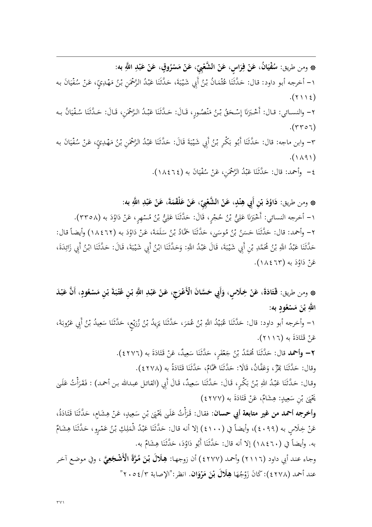 * ومن طريق: قَتَادَةَ، عَنْ خِلَاسٍ، وَأَبِي حَسَّانَ الْأَعْرَجِ، عَنْ عَبْدِ اللَّهِ بْنِ عُتْبَةَ بْنِ مَسْعُودٍ، أَنَّ عَبْدَ اللَّهِ بْنَ مَسْعُودٍ به:
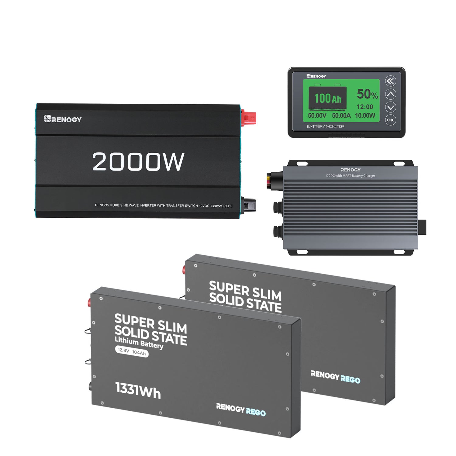 • •COMPLETE 4WD POWER KIT: Includes (2x) 104Ah Super Slim LiFePO4 Batteries, (2x) 200W ShadowFlux Solar Panels, 2000W Pure Sine Wave Inverter, IP67 50A DC-DC Charger with MPPT, and 500A Battery Monitor.
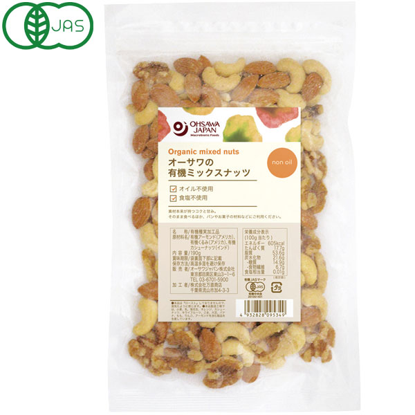 オーサワの有機ミックスナッツ(190g)【オーサワジャパン】
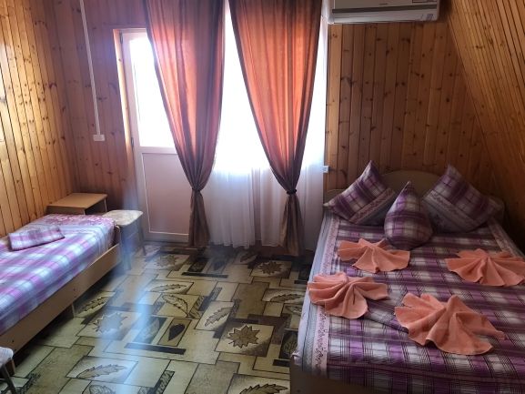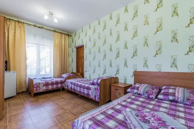 Звонки по телефону возможны только с 09:00 по 22:00 по московскому времени. Не звоните ночью, пожалуйста. Спасибо за понимание! Минимальное бронирование от двух суток. Работаем с мая по октябрь. Апартаменты на 4-м этаже с видом на море в ГД Юг. 50 метров от моря, первая береговая линия Вмещает до 5 человек Апартаменты состоят из 2-х комнат, разделенные аркой. В одной из комнат двуспальная кровать в другой раскладной диван. Собственный балкон со столиком и стульчиками с видом на море. Собственный санузел с душем. Кухни нет, имеется посуда для приема пищи, чайник, холодильник. Есть возможность доп. места для 5го человека в виде еврораскладушки с ламелями. Предоставляем постельное белье, полотенца. Детская кроватка предоставляется по требованию. Размещение с животными возможно по запросу за доп плату в зависимости от вида и породы животного (с бойцовскими породами собак не принимаем) Часто задаваемые вопросы: Общей кухни нет, номеров с кухней нет, микроволновки нет, возможности для приготовления и разогрева пищи не предусмотрено. Мангальной зоны, бассейна и территории у гостевого дома нет Парковочных мест не предусмотрено. Можем предложить варианты платные парковок в непосредственной близости. Трансфера с жд вокзала/аэропорта не предусмотрено.
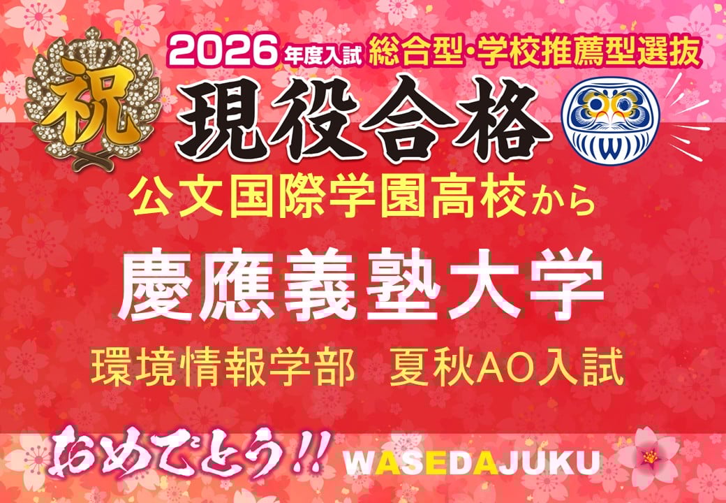 【2026年度入試 合格速報】公文国際学園高校から、慶應義塾大学環境情報学部に夏秋AO入試で現役合格!
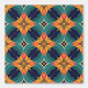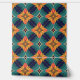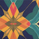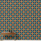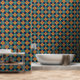 This wallpaper design features a striking geometric star motif in vibrant shades of orange, teal, navy blue, and gold. The repeating symmetrical pattern creates a bold, retro-inspired look that adds energy and personality to any space.
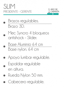 | TIPO DE SILLA: | PRESIDENCIAL, GERENCIAL |
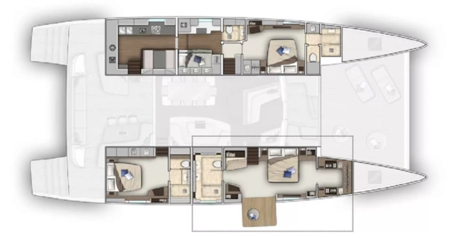 spacious master cabin featuring private sitting area, his & hers closets, and a private balcony. Two VIP cabins both feature queen berths all with private bathrooms.
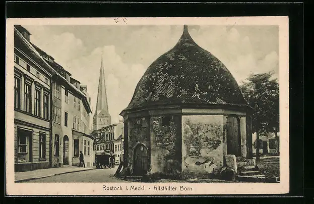 AK Rostock i. Meckl., Alstädter Born mit Blick auf Kirche
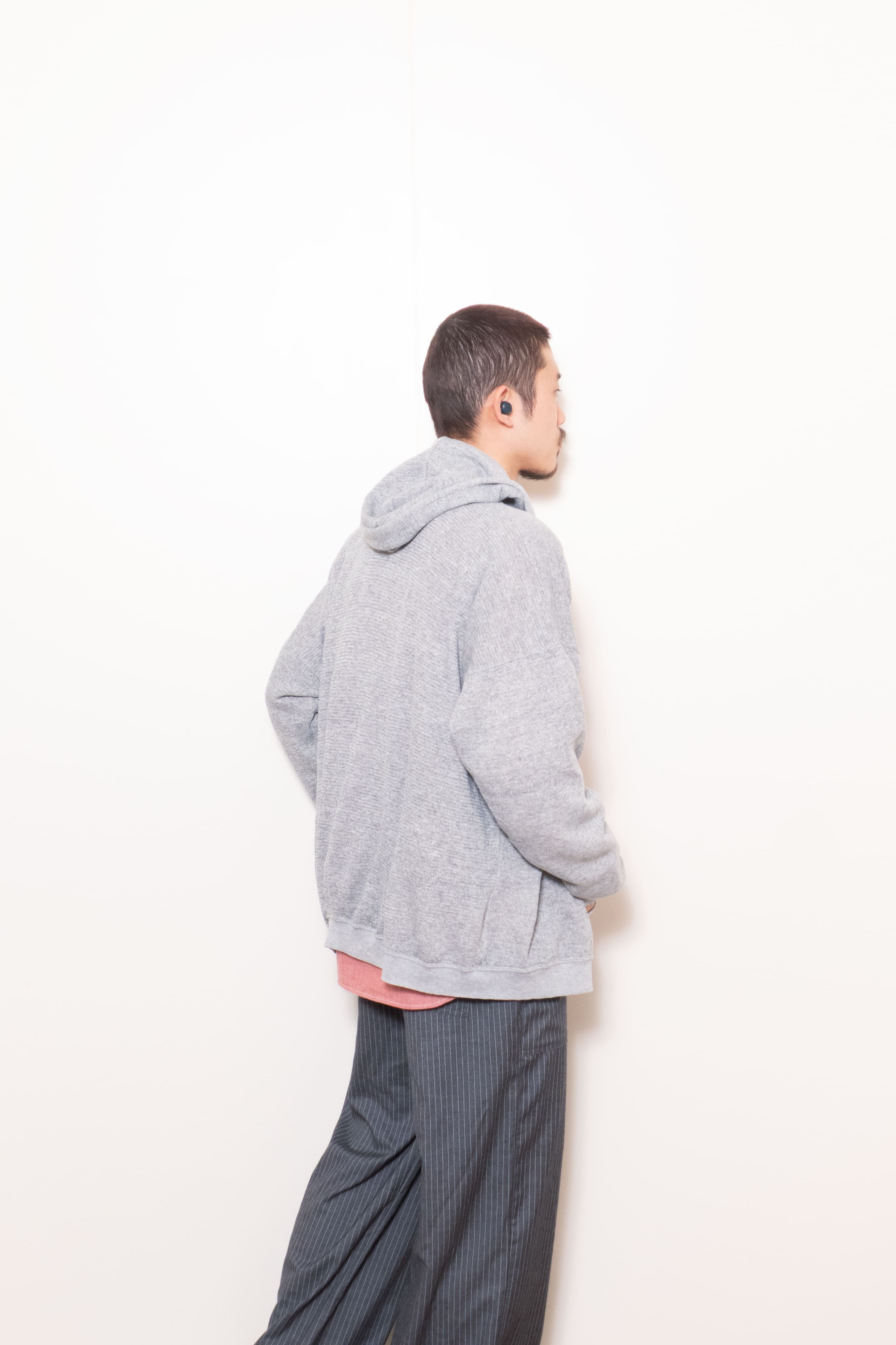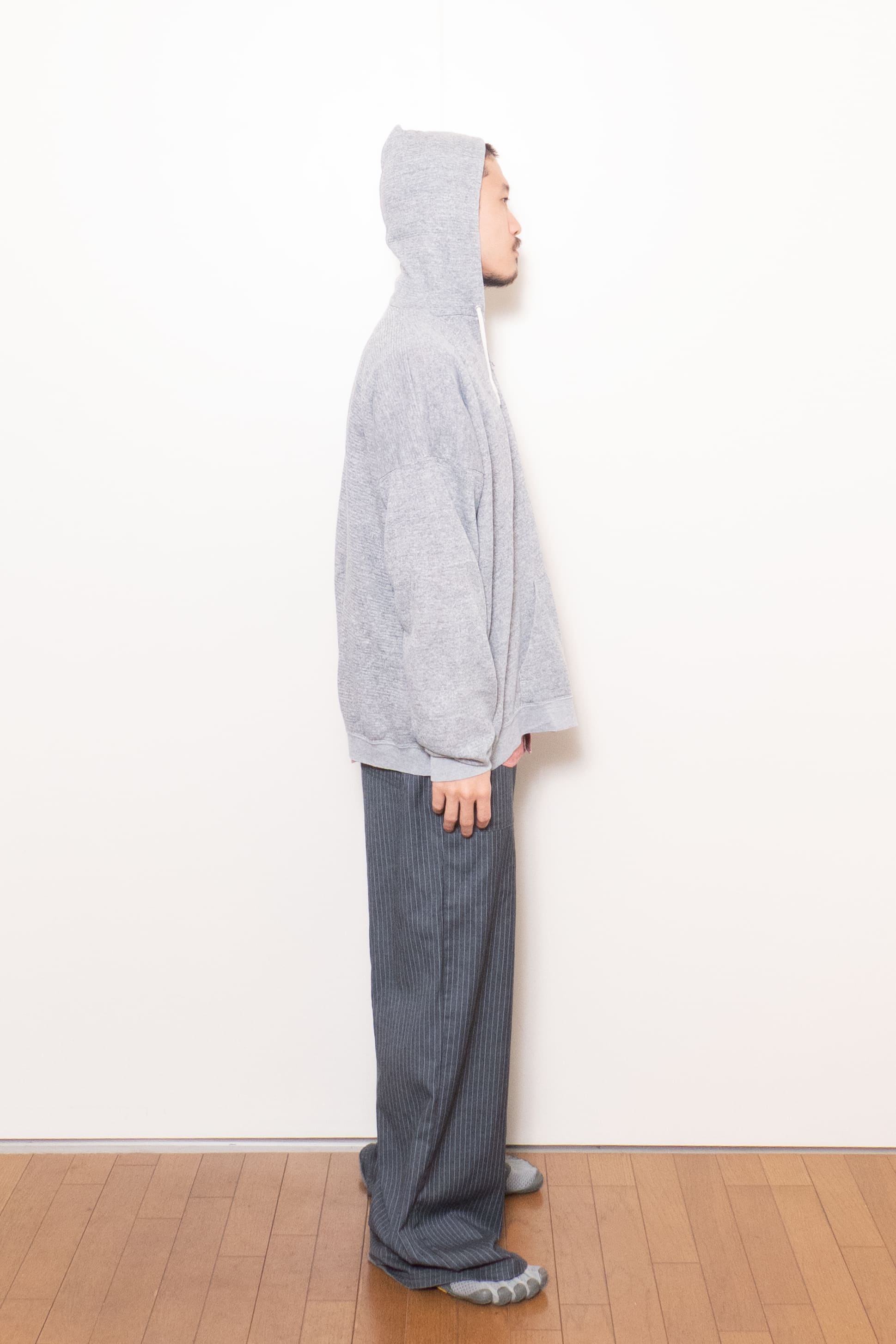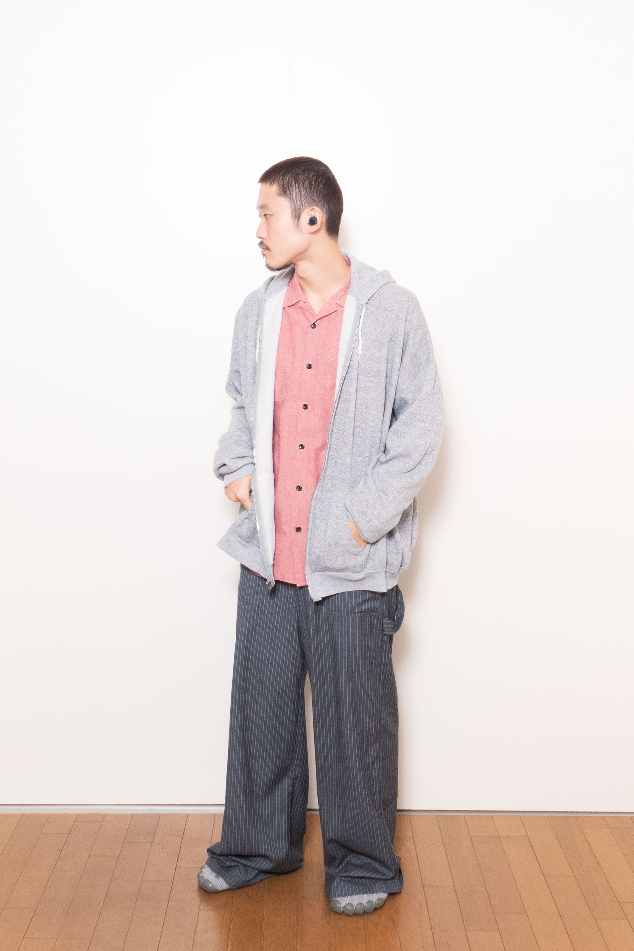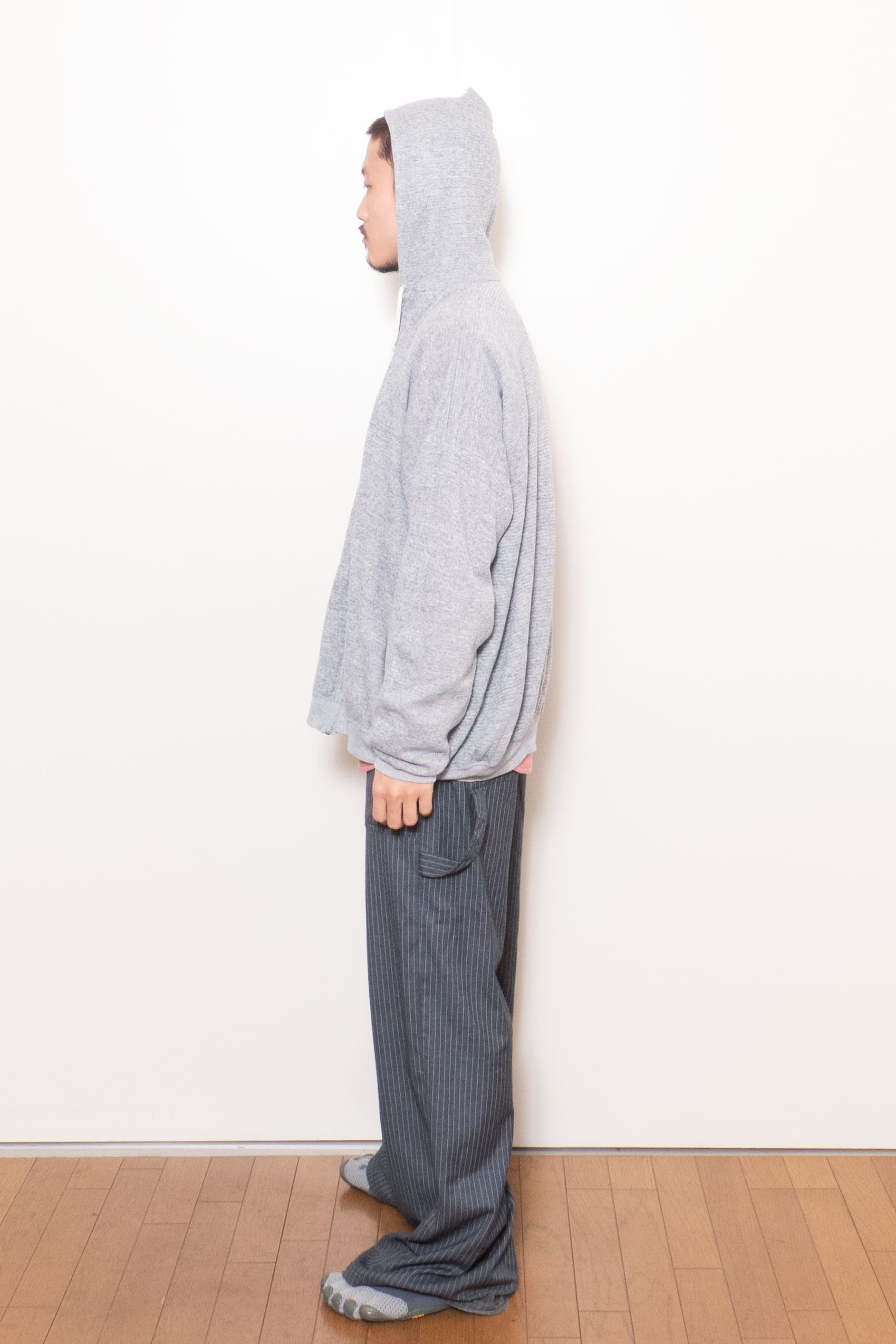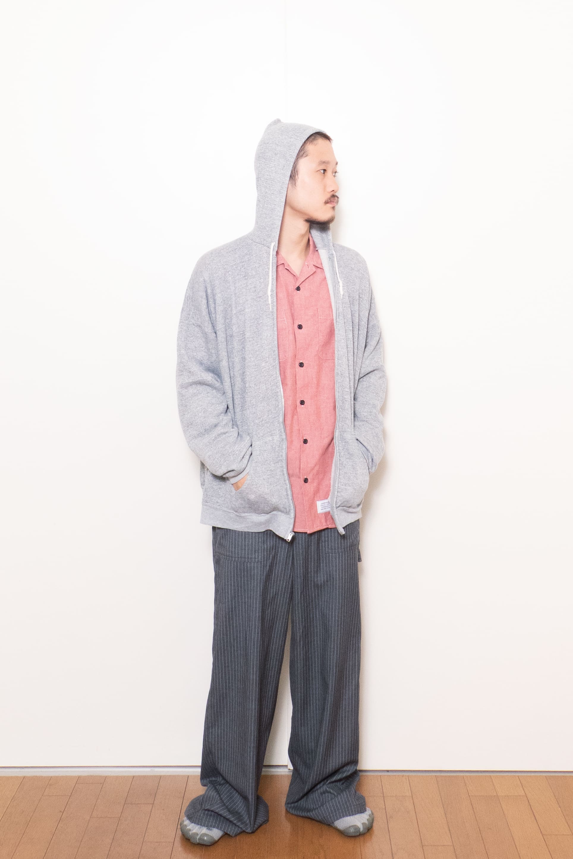 身幅がこんだけあって着丈が短いのでそりゃ調子良い。ジップフーディだけどカーディガンのようなノリで着れて面白いです。
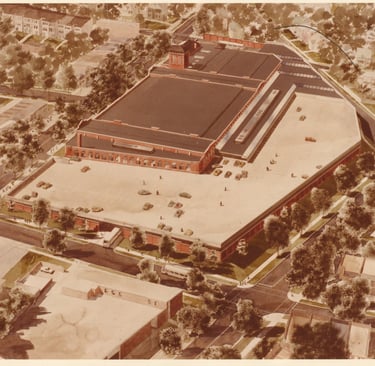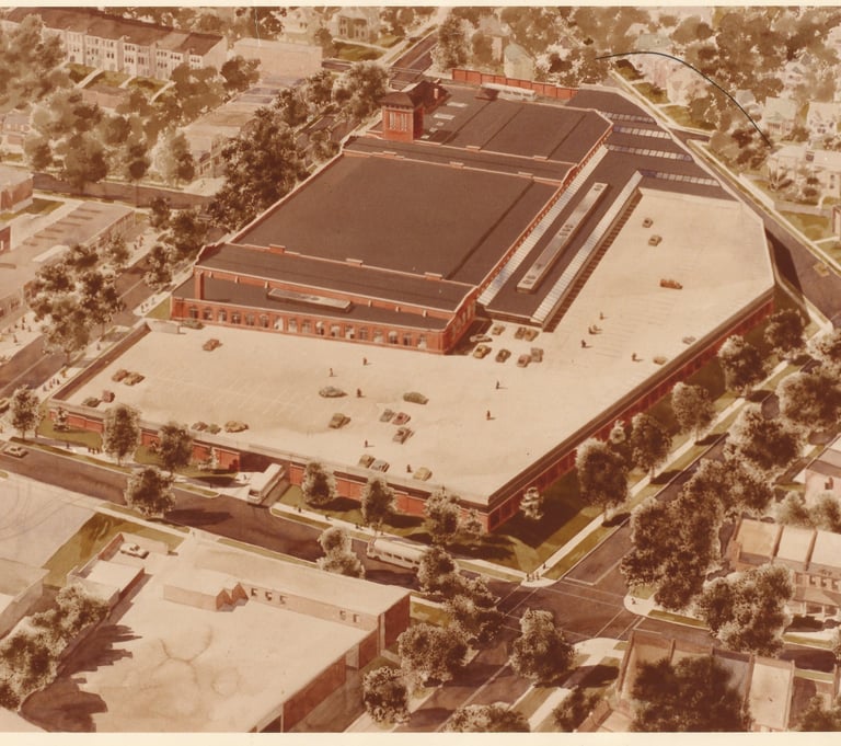 RENDERING OF THE COMPLETELY RENOVATED AND EXPANDED NORTHERN BUS GARAGE WHICH INCLUDED THE CONSTRUCTION OF AN EMPLOYEE PARKING DECK OVER THE ON GRADE BUS PARKING AREA. THE RALPH M. PARSONS COMPANY PROVIDED ENGINEERING DESIGN AS OUR SUBCONSULTANT FOR THIS PROJECT
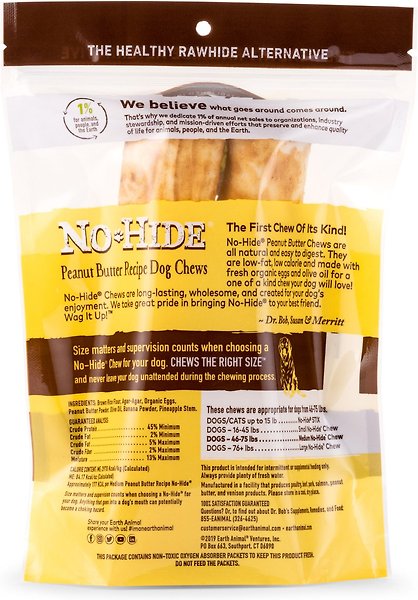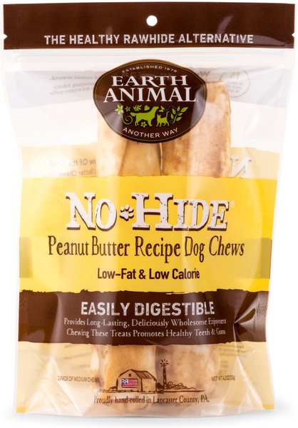 Earth Animal No-Hide Medium Rolls Long Lasting Natural Rawhide Alternative Peanut Butter Vegetarian Recipe Chew Dog Treats, 2 count
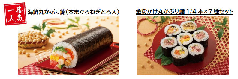 2025年恵方巻は、6種の海鮮具材を使った一番人気の「海鮮丸かぶり鮨(本まぐろねぎとろ入)」や、手軽な価格で恵方巻を楽しみたいという要望に対応した、予約対象商品の「惣菜恵方巻のハーフサイズ」など。店頭とネットショップそれぞれで予約特典を用意して、予約を受注を促す。
▬▬▬▬▬▬
Task objective:
Omitting the pictures, repeat all entries exactly.

Exercise result:
 * ومن طريق: قَتَادَةَ، عَنْ خِلَاسٍ، وَأَبِي حَسَّانَ الْأَعْرَجِ، عَنْ عَبْدِ اللَّهِ بْنِ عُتْبَةَ بْنِ مَسْعُودٍ، أَنَّ عَبْدَ اللَّهِ بْنَ مَسْعُودٍ به:
 • •COMPLETE 4WD POWER KIT: Includes (2x) 104Ah Super Slim LiFePO4 Batteries, (2x) 200W ShadowFlux Solar Panels, 2000W Pure Sine Wave Inverter, IP67 50A DC-DC Charger with MPPT, and 500A Battery Monitor.
 オーサワの有機ミックスナッツ(190g)【オーサワジャパン】
 Звонки по телефону возможны только с 09:00 по 22:00 по московскому времени. Не звоните ночью, пожалуйста. Спасибо за понимание! Минимальное бронирование от двух суток. Работаем с мая по октябрь. Апартаменты на 4-м этаже с видом на море в ГД Юг. 50 метров от моря, первая береговая линия Вмещает до 5 человек Апартаменты состоят из 2-х комнат, разделенные аркой. В одной из комнат двуспальная кровать в другой раскладной диван. Собственный балкон со столиком и стульчиками с видом на море. Собственный санузел с душем. Кухни нет, имеется посуда для приема пищи, чайник, холодильник. Есть возможность доп. места для 5го человека в виде еврораскладушки с ламелями. Предоставляем постельное белье, полотенца. Детская кроватка предоставляется по требованию. Размещение с животными возможно по запросу за доп плату в зависимости от вида и породы животного (с бойцовскими породами собак не принимаем) Часто задаваемые вопросы: Общей кухни нет, номеров с кухней нет, микроволновки нет, возможности для приготовления и разогрева пищи не предусмотрено. Мангальной зоны, бассейна и территории у гостевого дома нет Парковочных мест не предусмотрено. Можем предложить варианты платные парковок в непосредственной близости. Трансфера с жд вокзала/аэропорта не предусмотрено.
 【2026年度入試 合格速報】公文国際学園高校から、慶應義塾大学環境情報学部に夏秋AO入試で現役合格!
 This wallpaper design features a striking geometric star motif in vibrant shades of orange, teal, navy blue, and gold. The repeating symmetrical pattern creates a bold, retro-inspired look that adds energy and personality to any space.
 | TIPO DE SILLA: | PRESIDENCIAL, GERENCIAL |
 spacious master cabin featuring private sitting area, his & hers closets, and a private balcony. Two VIP cabins both feature queen berths all with private bathrooms.
 AK Rostock i. Meckl., Alstädter Born mit Blick auf Kirche
 身幅がこんだけあって着丈が短いのでそりゃ調子良い。ジップフーディだけどカーディガンのようなノリで着れて面白いです。
 RENDERING OF THE COMPLETELY RENOVATED AND EXPANDED NORTHERN BUS GARAGE WHICH INCLUDED THE CONSTRUCTION OF AN EMPLOYEE PARKING DECK OVER THE ON GRADE BUS PARKING AREA. THE RALPH M. PARSONS COMPANY PROVIDED ENGINEERING DESIGN AS OUR SUBCONSULTANT FOR THIS PROJECT
 Earth Animal No-Hide Medium Rolls Long Lasting Natural Rawhide Alternative Peanut Butter Vegetarian Recipe Chew Dog Treats, 2 count
 2025年恵方巻は、6種の海鮮具材を使った一番人気の「海鮮丸かぶり鮨(本まぐろねぎとろ入)」や、手軽な価格で恵方巻を楽しみたいという要望に対応した、予約対象商品の「惣菜恵方巻のハーフサイズ」など。店頭とネットショップそれぞれで予約特典を用意して、予約を受注を促す。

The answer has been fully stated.